• _The problem_
Starting from the line with "Pinwheels are bright, portable, and", please copy exactly every line to the end of the listing, but not the pictures.

• _Information shown_
┌──

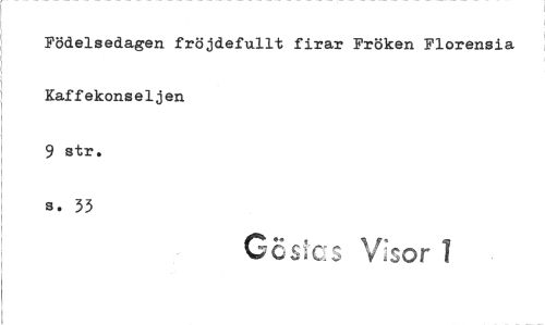 //// Födelsedagen fröjdefullt firar Fröken Florensia Kaffekonseljen //// 9 str. //// s. 33 //// Cb.sic3 Visor 1 ////
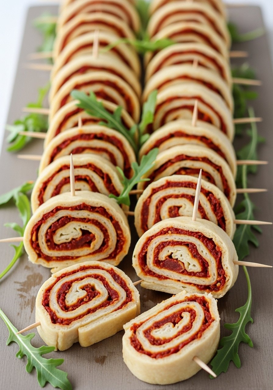 Pinwheels are bright, portable, and visually appealing—tight rolling is the trick. These Italian-American-style bites are creamy and tangy with a perfect spiral presentation. Chill before slicing for clean rounds.
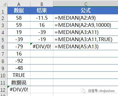 如果参数集合中包含偶数个数字,median将返回位于中间的两个数的平均值,如C2单元格;
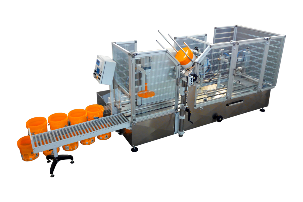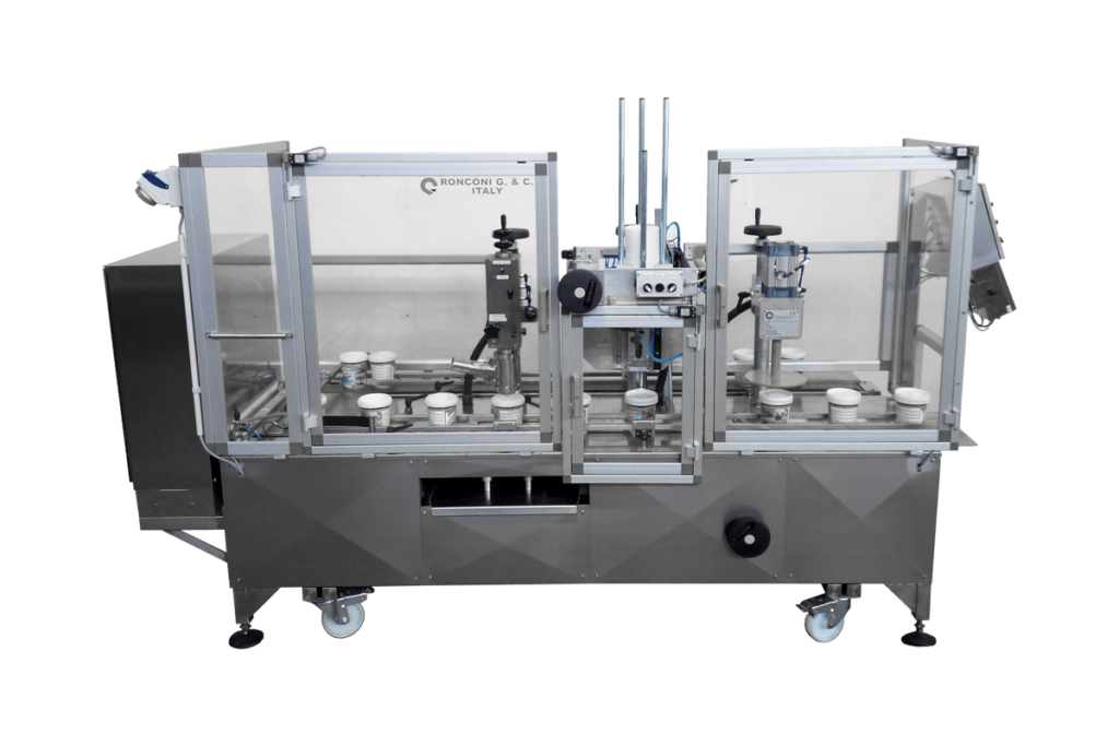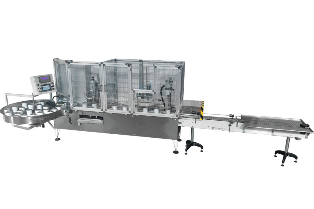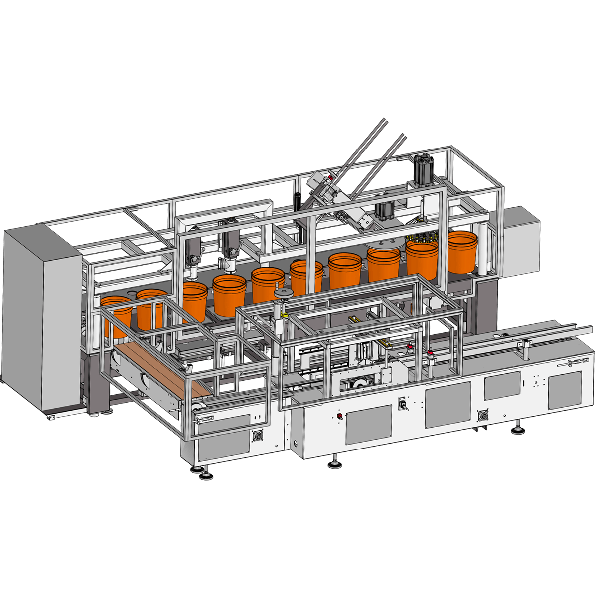 - lid placing station (for plastic and/or metal lids) adjustable for the various formats, with automatic system for taking lids and placing them on the container

└──

• _Answer box_
 Pinwheels are bright, portable, and visually appealing—tight rolling is the trick. These Italian-American-style bites are creamy and tangy with a perfect spiral presentation. Chill before slicing for clean rounds.
 如果参数集合中包含偶数个数字,median将返回位于中间的两个数的平均值,如C2单元格;
 - lid placing station (for plastic and/or metal lids) adjustable for the various formats, with automatic system for taking lids and placing them on the container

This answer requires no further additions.